## DESCRIPTION OF THE TASK:
Would you repeat the listing exactly, without any of its images?

## DATASET EXTRACT:
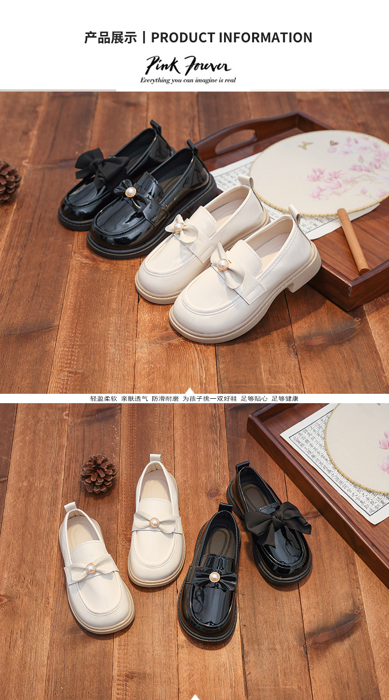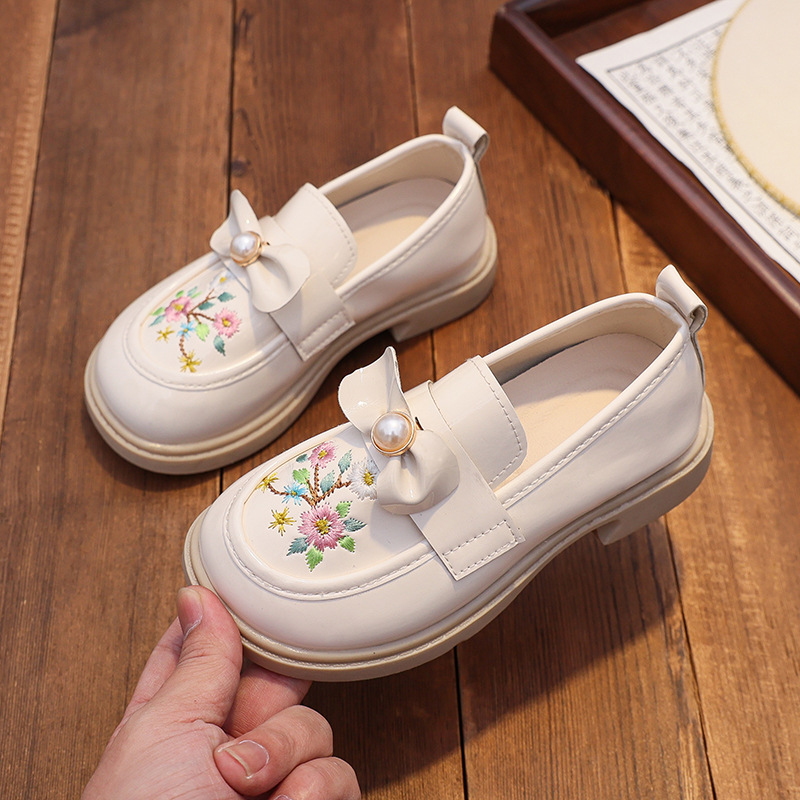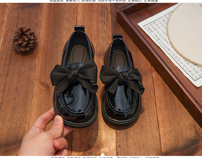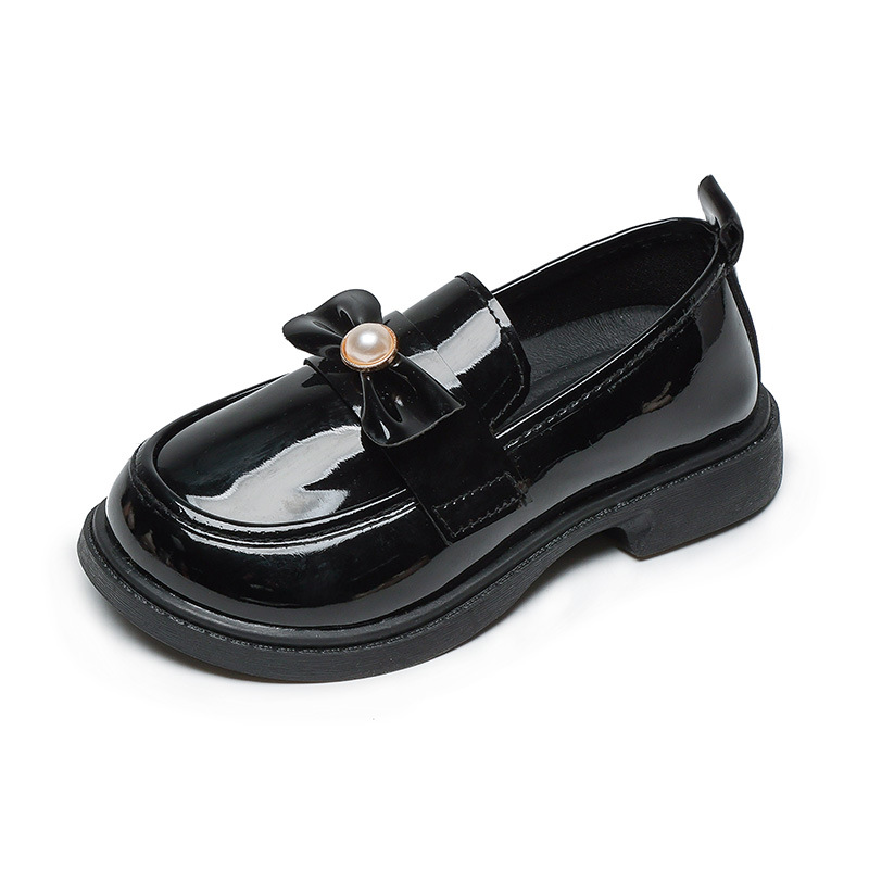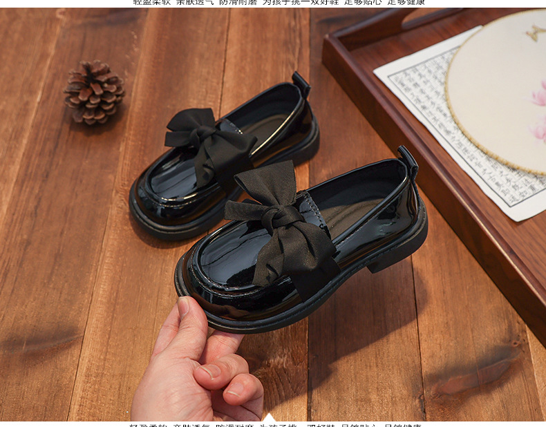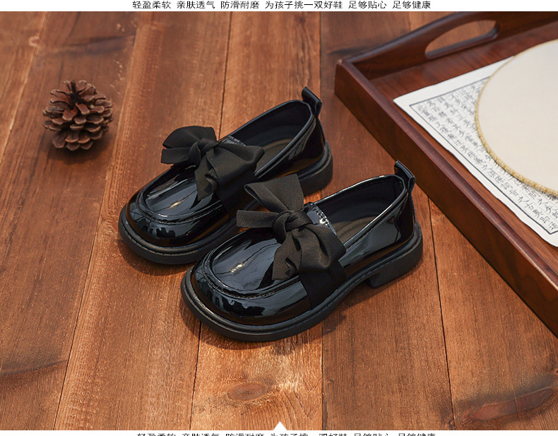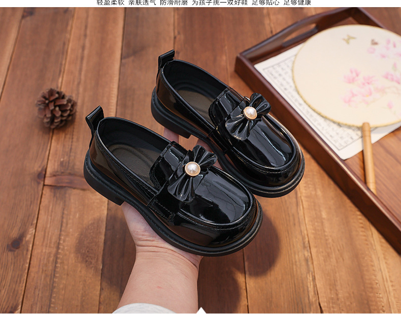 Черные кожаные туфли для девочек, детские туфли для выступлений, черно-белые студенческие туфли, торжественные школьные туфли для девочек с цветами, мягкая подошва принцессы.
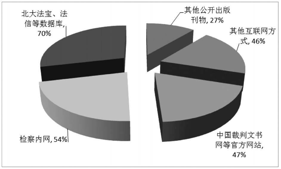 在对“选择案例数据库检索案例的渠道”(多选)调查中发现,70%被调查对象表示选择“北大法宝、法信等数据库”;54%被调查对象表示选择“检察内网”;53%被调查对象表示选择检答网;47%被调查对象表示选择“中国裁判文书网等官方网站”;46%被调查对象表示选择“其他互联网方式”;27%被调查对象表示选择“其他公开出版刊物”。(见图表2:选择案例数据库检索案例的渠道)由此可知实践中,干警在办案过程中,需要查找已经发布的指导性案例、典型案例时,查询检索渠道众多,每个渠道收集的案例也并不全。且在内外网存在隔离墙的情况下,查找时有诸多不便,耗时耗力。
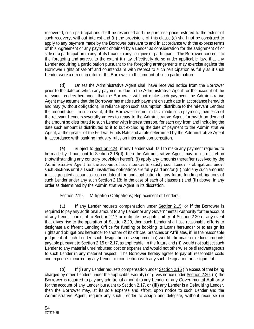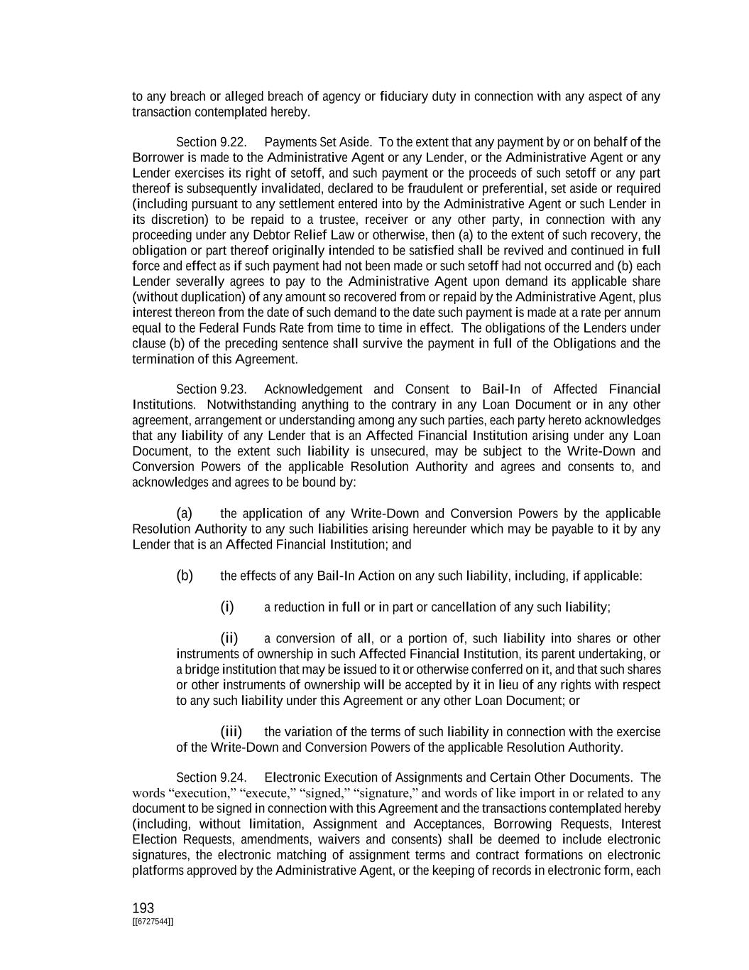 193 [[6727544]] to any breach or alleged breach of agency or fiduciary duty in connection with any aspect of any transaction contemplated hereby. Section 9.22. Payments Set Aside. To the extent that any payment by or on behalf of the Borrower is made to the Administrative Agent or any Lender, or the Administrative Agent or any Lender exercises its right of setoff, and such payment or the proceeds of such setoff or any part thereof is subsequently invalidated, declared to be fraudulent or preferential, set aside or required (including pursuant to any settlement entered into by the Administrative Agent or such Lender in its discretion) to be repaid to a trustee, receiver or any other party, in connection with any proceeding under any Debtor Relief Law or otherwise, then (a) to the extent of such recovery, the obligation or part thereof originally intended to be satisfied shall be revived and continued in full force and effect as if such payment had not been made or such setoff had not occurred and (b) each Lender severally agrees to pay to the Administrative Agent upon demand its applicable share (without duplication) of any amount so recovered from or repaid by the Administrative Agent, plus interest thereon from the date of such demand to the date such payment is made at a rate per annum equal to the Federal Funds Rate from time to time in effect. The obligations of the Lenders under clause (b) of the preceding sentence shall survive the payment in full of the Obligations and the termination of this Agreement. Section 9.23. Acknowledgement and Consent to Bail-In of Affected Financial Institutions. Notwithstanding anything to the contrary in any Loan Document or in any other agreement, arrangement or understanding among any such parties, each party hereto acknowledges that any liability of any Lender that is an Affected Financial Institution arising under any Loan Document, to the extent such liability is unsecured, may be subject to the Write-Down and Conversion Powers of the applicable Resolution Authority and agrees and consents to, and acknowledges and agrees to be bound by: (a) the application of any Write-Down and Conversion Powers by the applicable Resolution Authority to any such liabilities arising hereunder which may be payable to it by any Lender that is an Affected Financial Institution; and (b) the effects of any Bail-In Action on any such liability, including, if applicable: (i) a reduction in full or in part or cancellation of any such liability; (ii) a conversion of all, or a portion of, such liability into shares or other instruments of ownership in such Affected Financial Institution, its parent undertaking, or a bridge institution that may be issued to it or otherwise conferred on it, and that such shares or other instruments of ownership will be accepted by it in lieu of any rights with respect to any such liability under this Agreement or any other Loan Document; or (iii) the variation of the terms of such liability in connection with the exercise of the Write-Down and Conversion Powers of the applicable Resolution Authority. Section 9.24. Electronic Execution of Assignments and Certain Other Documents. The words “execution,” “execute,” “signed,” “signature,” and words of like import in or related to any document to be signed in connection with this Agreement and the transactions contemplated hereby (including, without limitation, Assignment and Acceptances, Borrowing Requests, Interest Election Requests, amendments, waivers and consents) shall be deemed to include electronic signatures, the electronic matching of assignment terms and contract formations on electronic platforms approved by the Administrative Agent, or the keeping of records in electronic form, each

## RESPONSE AREA:
 Черные кожаные туфли для девочек, детские туфли для выступлений, черно-белые студенческие туфли, торжественные школьные туфли для девочек с цветами, мягкая подошва принцессы.
 在对“选择案例数据库检索案例的渠道”(多选)调查中发现,70%被调查对象表示选择“北大法宝、法信等数据库”;54%被调查对象表示选择“检察内网”;53%被调查对象表示选择检答网;47%被调查对象表示选择“中国裁判文书网等官方网站”;46%被调查对象表示选择“其他互联网方式”;27%被调查对象表示选择“其他公开出版刊物”。(见图表2:选择案例数据库检索案例的渠道)由此可知实践中,干警在办案过程中,需要查找已经发布的指导性案例、典型案例时,查询检索渠道众多,每个渠道收集的案例也并不全。且在内外网存在隔离墙的情况下,查找时有诸多不便,耗时耗力。
 193 [[6727544]] to any breach or alleged breach of agency or fiduciary duty in connection with any aspect of any transaction contemplated hereby. Section 9.22. Payments Set Aside. To the extent that any payment by or on behalf of the Borrower is made to the Administrative Agent or any Lender, or the Administrative Agent or any Lender exercises its right of setoff, and such payment or the proceeds of such setoff or any part thereof is subsequently invalidated, declared to be fraudulent or preferential, set aside or required (including pursuant to any settlement entered into by the Administrative Agent or such Lender in its discretion) to be repaid to a trustee, receiver or any other party, in connection with any proceeding under any Debtor Relief Law or otherwise, then (a) to the extent of such recovery, the obligation or part thereof originally intended to be satisfied shall be revived and continued in full force and effect as if such payment had not been made or such setoff had not occurred and (b) each Lender severally agrees to pay to the Administrative Agent upon demand its applicable share (without duplication) of any amount so recovered from or repaid by the Administrative Agent, plus interest thereon from the date of such demand to the date such payment is made at a rate per annum equal to the Federal Funds Rate from time to time in effect. The obligations of the Lenders under clause (b) of the preceding sentence shall survive the payment in full of the Obligations and the termination of this Agreement. Section 9.23. Acknowledgement and Consent to Bail-In of Affected Financial Institutions. Notwithstanding anything to the contrary in any Loan Document or in any other agreement, arrangement or understanding among any such parties, each party hereto acknowledges that any liability of any Lender that is an Affected Financial Institution arising under any Loan Document, to the extent such liability is unsecured, may be subject to the Write-Down and Conversion Powers of the applicable Resolution Authority and agrees and consents to, and acknowledges and agrees to be bound by: (a) the application of any Write-Down and Conversion Powers by the applicable Resolution Authority to any such liabilities arising hereunder which may be payable to it by any Lender that is an Affected Financial Institution; and (b) the effects of any Bail-In Action on any such liability, including, if applicable: (i) a reduction in full or in part or cancellation of any such liability; (ii) a conversion of all, or a portion of, such liability into shares or other instruments of ownership in such Affected Financial Institution, its parent undertaking, or a bridge institution that may be issued to it or otherwise conferred on it, and that such shares or other instruments of ownership will be accepted by it in lieu of any rights with respect to any such liability under this Agreement or any other Loan Document; or (iii) the variation of the terms of such liability in connection with the exercise of the Write-Down and Conversion Powers of the applicable Resolution Authority. Section 9.24. Electronic Execution of Assignments and Certain Other Documents. The words “execution,” “execute,” “signed,” “signature,” and words of like import in or related to any document to be signed in connection with this Agreement and the transactions contemplated hereby (including, without limitation, Assignment and Acceptances, Borrowing Requests, Interest Election Requests, amendments, waivers and consents) shall be deemed to include electronic signatures, the electronic matching of assignment terms and contract formations on electronic platforms approved by the Administrative Agent, or the keeping of records in electronic form, each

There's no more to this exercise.